What we commonly think of when we hear the word plastic is ridged plastics. Rigid plastics include things like plastic buckets and crates. The list could go on, but you get the idea.
Research group Smithers expects the global rigid plastics market to reach US$222.4 billion by 2020. If realised, this would ensure total annual growth of 4.4%. Yet this growth might depend upon the future of oil prices.
In order to make plastics you need oil. There is a process to make plastics without oil — using natural gas instead. Yet a large portion of plastics are generally made with oil.
To see how much oil is needed to produce plastics, let’s look at an example, by seeing how much oil is needed to produce plastic bottles. Luckily enough, the Pacific Institution did such research to save us the time.
In 2006, Americans consumed 31.2 billion litres of water. This required around 900,000 tonnes of plastic to produce the bottles. And to produce these bottles it took 17 million barrels of oil.
Oil is definitely a cost plastics manufacturers want to keep their eye on. Amcor Ltd [ASX:AMC] is one such plastics giant in the business of packaging. And on 8 June, they announced their profits would be impacted by US$40 million.
The announcement has caused shares to tumble 12.3%, to $14.50 per share so far.
It wasn’t high oil prices that affected Amcor, though. Instead, their profits took a beating from low oil prices. This doesn’t make sense. If oil prices are low, shouldn’t it be cheaper to produce plastics?
But the problem wasn’t with plastics. The problem was the country in which Amcor’s plants reside.
Amcor owns and operates six of their plastic packaging plants in Venezuela. The country’s economy mostly based on oil exports, making up around 95% of all exports.
So when the price of oil collapses, and government debt rises, stresses start to mount. Oil is now trading around US$50 a barrel. This has more than halved from 2014 figures. The country has a shortage of basic goods, and hyperinflation is just around the corner.

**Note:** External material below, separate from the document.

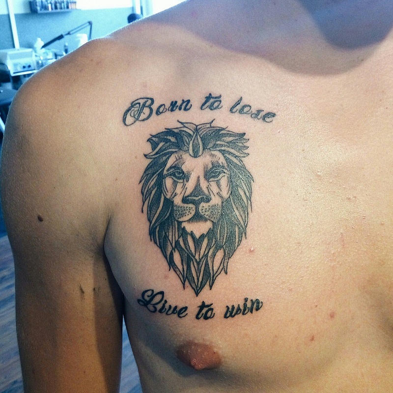 Prima di applicare un tatuaggio, devi scegliere un buon salone e un artista professionista, soprattutto se hai intenzione di realizzare un disegno di grandi dimensioni. La posizione del leone è determinata dal desiderio del cliente stesso. Il muso dell'animale può essere applicato sul lato sinistro o destro del torace, al centro. Alcuni modelli occupano l'intero sterno e alcuni scendono o salgono, catturando l'addome, l'area delle clavicole e le maniche. E devi anche capire che la creazione di immagini volumetriche richiede molto tempo. Dovrai venire ripetutamente dal maestro e il periodo di guarigione può durare un mese o più. Un tatuaggio prima del suo aspetto finale può sembrare antiestetico.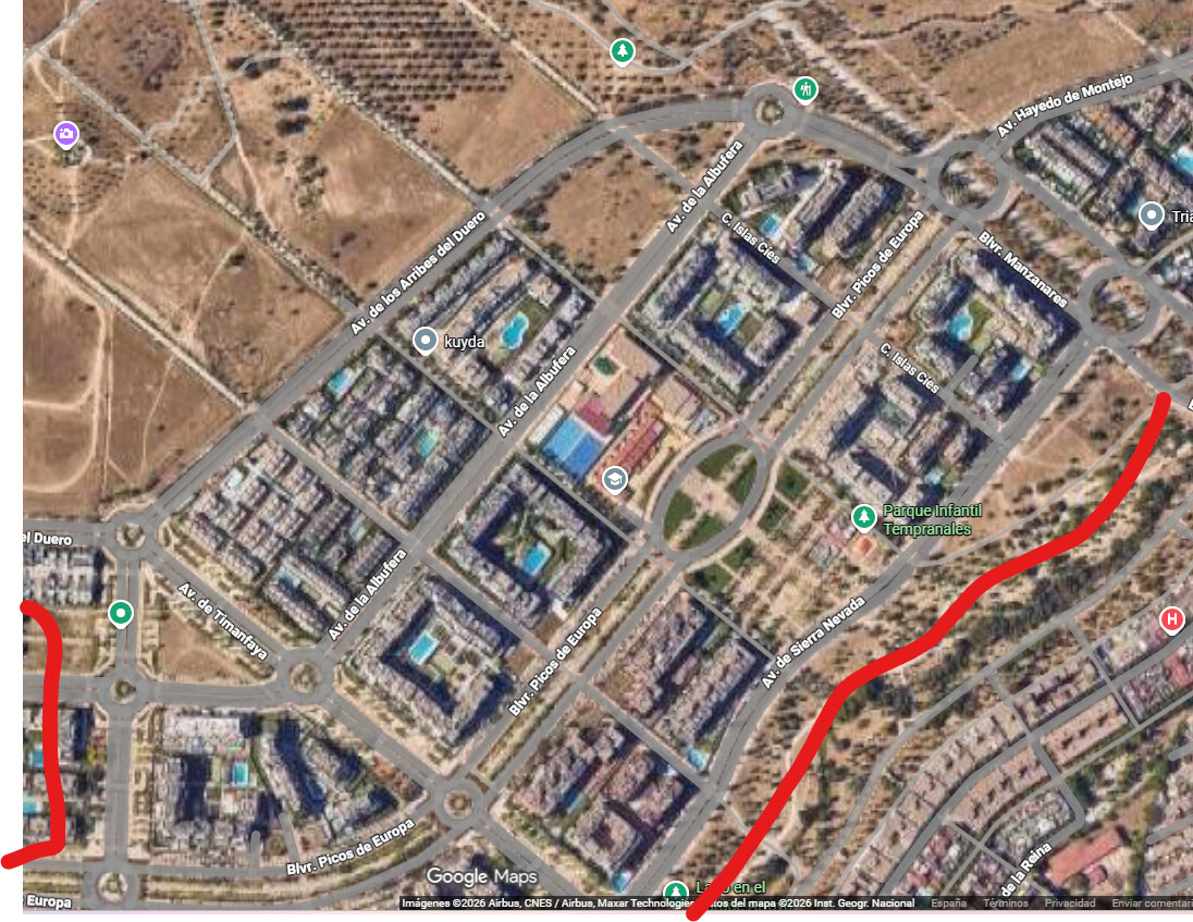 En rojo parques y zona comercial con tres supermercados, sin plazas grandes, ni zonas peatonales, ni zonas de esparcimiento, por no decir que no hay un solo local en todo el barrio.Hay Un colegio y parques aprovechando el arroyo (en rojo al sur). Conclusion : necesitas coche para todo.

Many economists believe it is now a question of when, not if, Venezuela will default. Venezuela’s central bank said earlier this year that the economy shrank by 5.7%. Official inflation came in at 180.9% in 2015.

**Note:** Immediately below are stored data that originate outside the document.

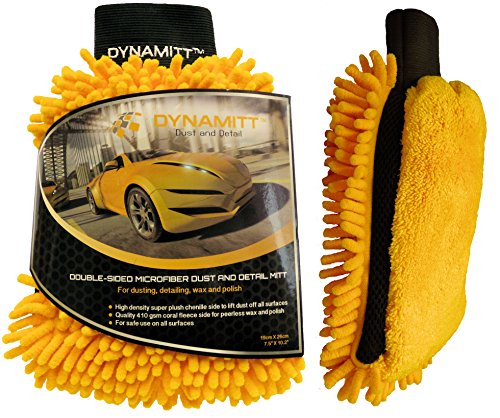 Microfiber Car Wax, Polish and Dusting Mitt, Dual-sided, Thicker Polishing Sponge and Shorter, Denser Chenille Fingers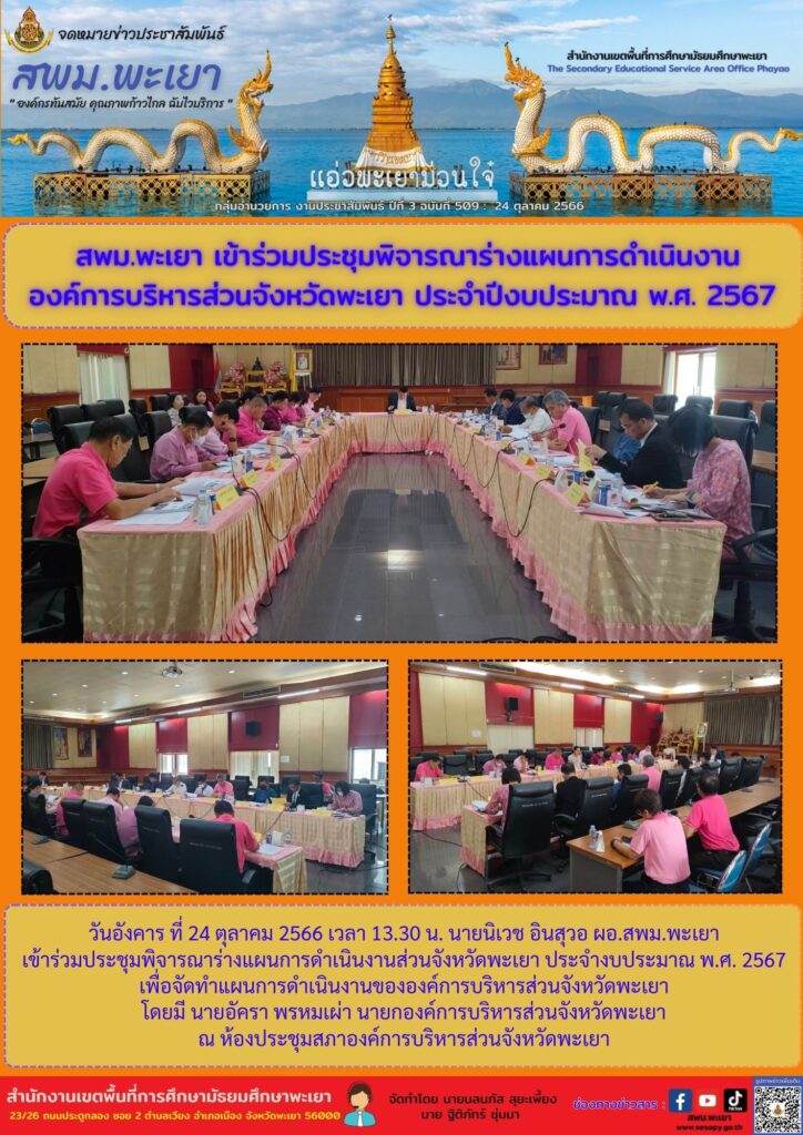 สพม.พะเยา เข้าร่วมประชุมพิจารณาร่างแผนการดำเนินงาน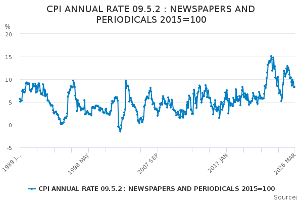 Download this time seriesCPI ANNUAL RATE 09.5.2 : NEWSPAPERS AND PERIODICALS 2015=100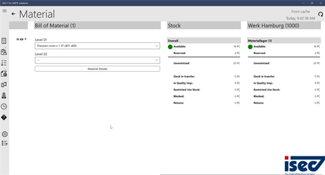 Highlights • Simple and fast online/offline integration in any backend system of SAP® Business Suite without middleware • A combined workflow inbox allows easy access to workflows from different backend systems • Customer specific enhancements are simply done with existing ABAP know how • This app is also available for other mobile operating systems • Secure mobile access to SAP® based on VPN or secure servers from BlackBerry Dynamics, MobileIron AppConnect or AirWatch • Simple usage of native device features such as photos, camera, GPS, contacts or barcodes • Customer specific color themes, icons and logos

This combination spells trouble for the country. And now Amcor and others are being punished as well. Venezuela is draining its foreign currency and gold reserves to stay afloat. In March this year Venezuela moved to float their exchange rate for non-essential imports. This allowed state-owned oil companies to sell dollars into the new market.
The government hopes to boost liquidity and lift revenues from oil. As a consequence, Amcor will also adopt Venezuela’s float. However, the lack of US dollars is restricting their ability to buy products used to make plastics.
A one-off charge of around US$350 million will impact Amcor’s earnings. The one-off charge relates to cumulative foreign exchange losses. But it will also include Amcor’s estimated net assets in Venezuela. After taking this one-off charge, Amcor will no longer be exposed to Venezuela.
Will Amcor survive Venezuela’s demise?
As stated above, Amcor has already taken measures to limit their losses. Venezuela isn’t the only place where Amcor operates, though. They’re investing in emerging markets all over the world. They own and operate more than 80 plants across 27 countries. And as CEO Ron Delia puts it: ‘[We] firmly believe in long term attractiveness, and in our ability to deliver value, from emerging markets.’